Problem requirements: In the records below, the lines between the one holding "当前位置: 首页 >天津市纹身店-金刺青纹身图案>蜡笔小新福袋纹身图片_手臂欧美写实新传统纹身图案" and the one holding "太阳如火如炉,气温节节攀升。", inclusive, are to be transcribed exactly; no pictures are to be included.

Extracted records:

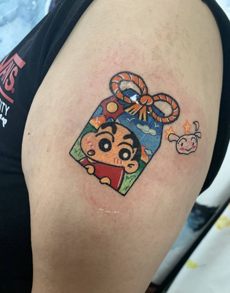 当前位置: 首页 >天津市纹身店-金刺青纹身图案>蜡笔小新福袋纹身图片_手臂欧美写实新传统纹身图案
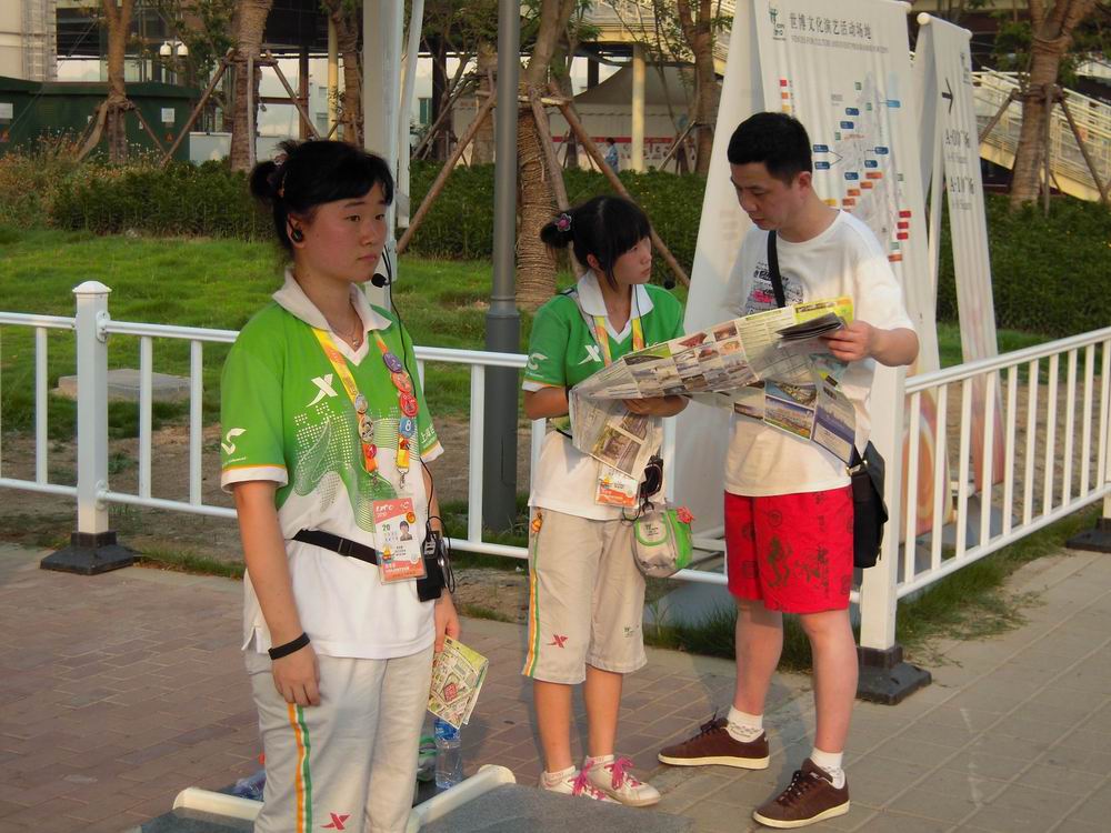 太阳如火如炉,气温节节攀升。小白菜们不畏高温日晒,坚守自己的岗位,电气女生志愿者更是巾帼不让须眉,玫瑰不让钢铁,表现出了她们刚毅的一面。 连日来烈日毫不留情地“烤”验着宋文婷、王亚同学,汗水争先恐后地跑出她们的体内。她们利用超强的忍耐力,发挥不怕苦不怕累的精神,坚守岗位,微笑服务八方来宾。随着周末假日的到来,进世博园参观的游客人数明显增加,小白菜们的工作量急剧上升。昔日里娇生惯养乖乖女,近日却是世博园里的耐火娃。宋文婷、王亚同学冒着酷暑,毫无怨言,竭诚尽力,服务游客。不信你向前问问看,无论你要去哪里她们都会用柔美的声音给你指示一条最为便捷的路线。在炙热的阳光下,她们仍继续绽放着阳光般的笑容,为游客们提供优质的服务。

--

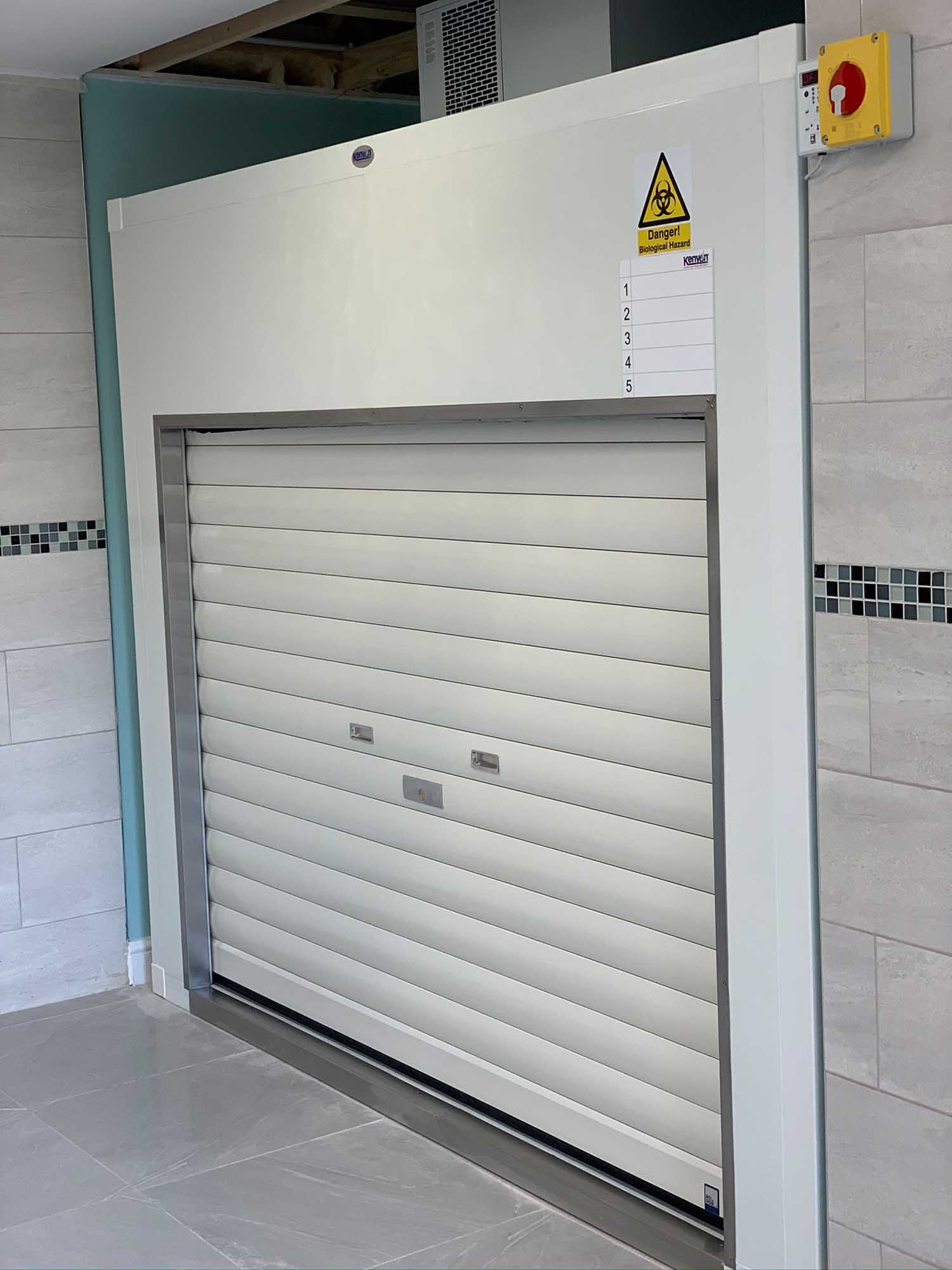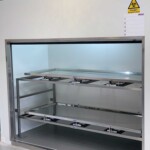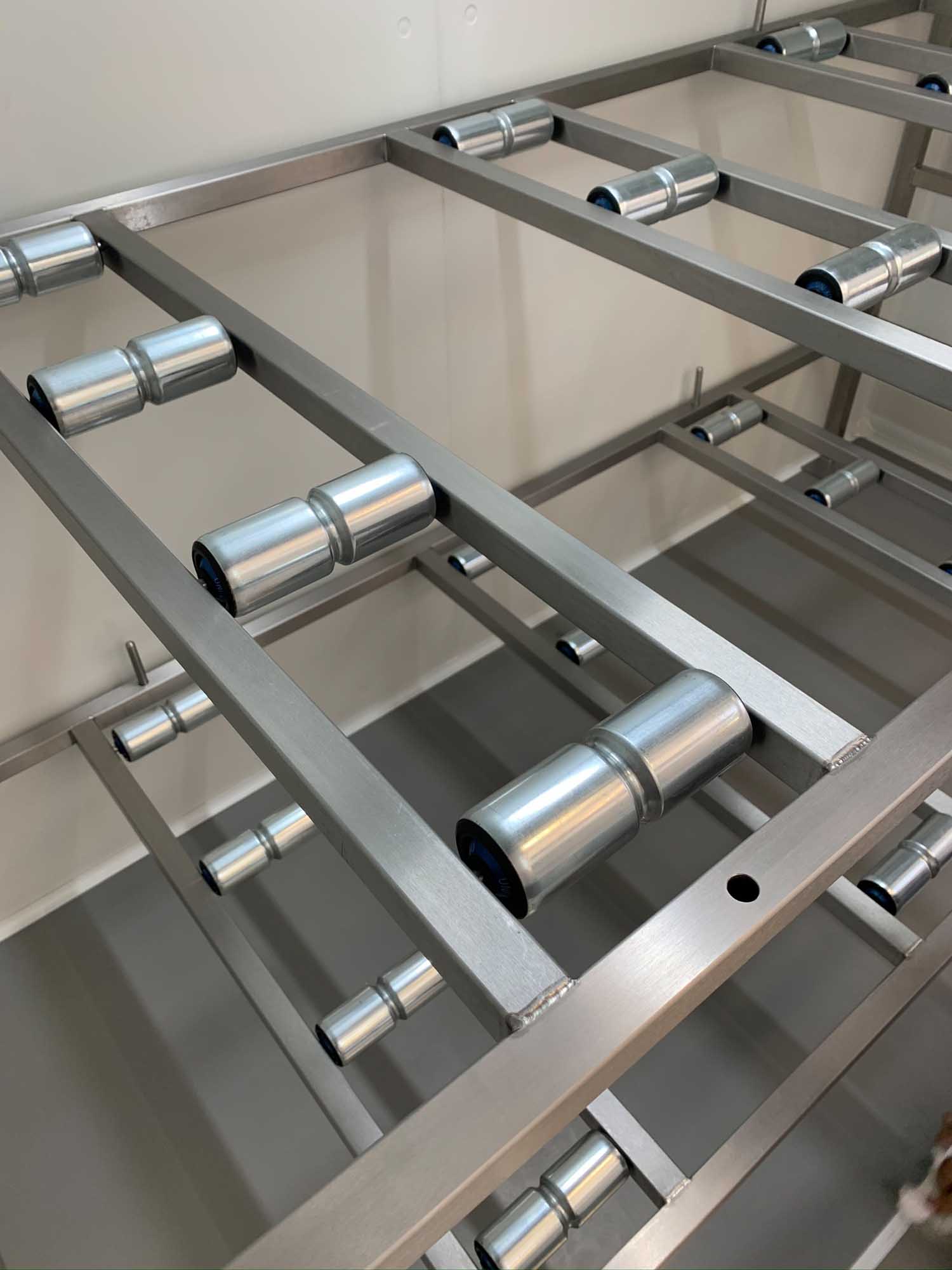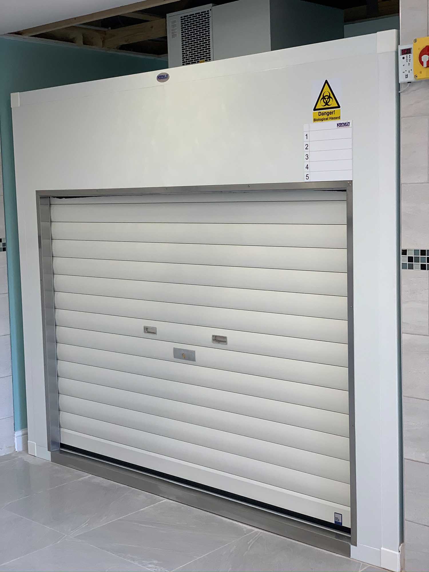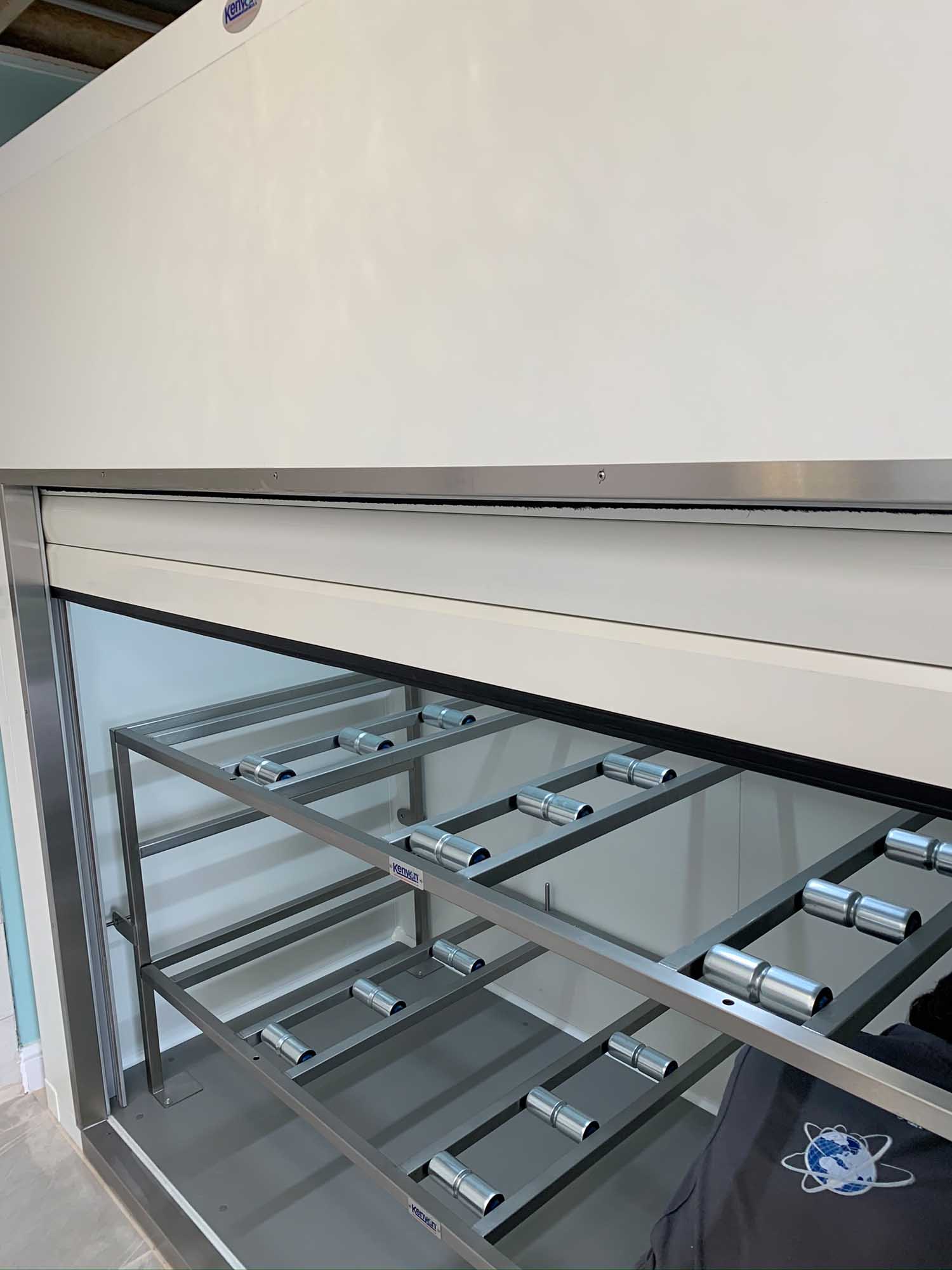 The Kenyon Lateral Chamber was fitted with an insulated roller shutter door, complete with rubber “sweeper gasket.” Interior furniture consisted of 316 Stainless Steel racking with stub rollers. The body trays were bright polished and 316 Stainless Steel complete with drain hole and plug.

* * *

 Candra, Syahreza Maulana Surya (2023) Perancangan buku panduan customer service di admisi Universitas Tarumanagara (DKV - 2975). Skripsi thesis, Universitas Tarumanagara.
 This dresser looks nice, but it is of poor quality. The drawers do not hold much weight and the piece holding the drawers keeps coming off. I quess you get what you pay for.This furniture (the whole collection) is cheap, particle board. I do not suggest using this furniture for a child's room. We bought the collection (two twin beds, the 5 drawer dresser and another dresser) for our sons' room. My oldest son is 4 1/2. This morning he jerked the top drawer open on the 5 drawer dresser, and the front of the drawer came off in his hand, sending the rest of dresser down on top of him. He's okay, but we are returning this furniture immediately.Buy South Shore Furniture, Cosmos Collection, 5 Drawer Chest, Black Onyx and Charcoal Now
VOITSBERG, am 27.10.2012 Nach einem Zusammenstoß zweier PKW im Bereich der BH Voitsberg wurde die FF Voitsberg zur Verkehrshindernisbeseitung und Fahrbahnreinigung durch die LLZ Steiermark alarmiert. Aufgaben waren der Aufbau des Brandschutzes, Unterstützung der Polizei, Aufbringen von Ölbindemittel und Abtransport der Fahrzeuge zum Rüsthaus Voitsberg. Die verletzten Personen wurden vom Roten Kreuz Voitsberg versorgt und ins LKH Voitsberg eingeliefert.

Written response:
 当前位置: 首页 >天津市纹身店-金刺青纹身图案>蜡笔小新福袋纹身图片_手臂欧美写实新传统纹身图案
 太阳如火如炉,气温节节攀升。小白菜们不畏高温日晒,坚守自己的岗位,电气女生志愿者更是巾帼不让须眉,玫瑰不让钢铁,表现出了她们刚毅的一面。 连日来烈日毫不留情地“烤”验着宋文婷、王亚同学,汗水争先恐后地跑出她们的体内。她们利用超强的忍耐力,发挥不怕苦不怕累的精神,坚守岗位,微笑服务八方来宾。随着周末假日的到来,进世博园参观的游客人数明显增加,小白菜们的工作量急剧上升。昔日里娇生惯养乖乖女,近日却是世博园里的耐火娃。宋文婷、王亚同学冒着酷暑,毫无怨言,竭诚尽力,服务游客。不信你向前问问看,无论你要去哪里她们都会用柔美的声音给你指示一条最为便捷的路线。在炙热的阳光下,她们仍继续绽放着阳光般的笑容,为游客们提供优质的服务。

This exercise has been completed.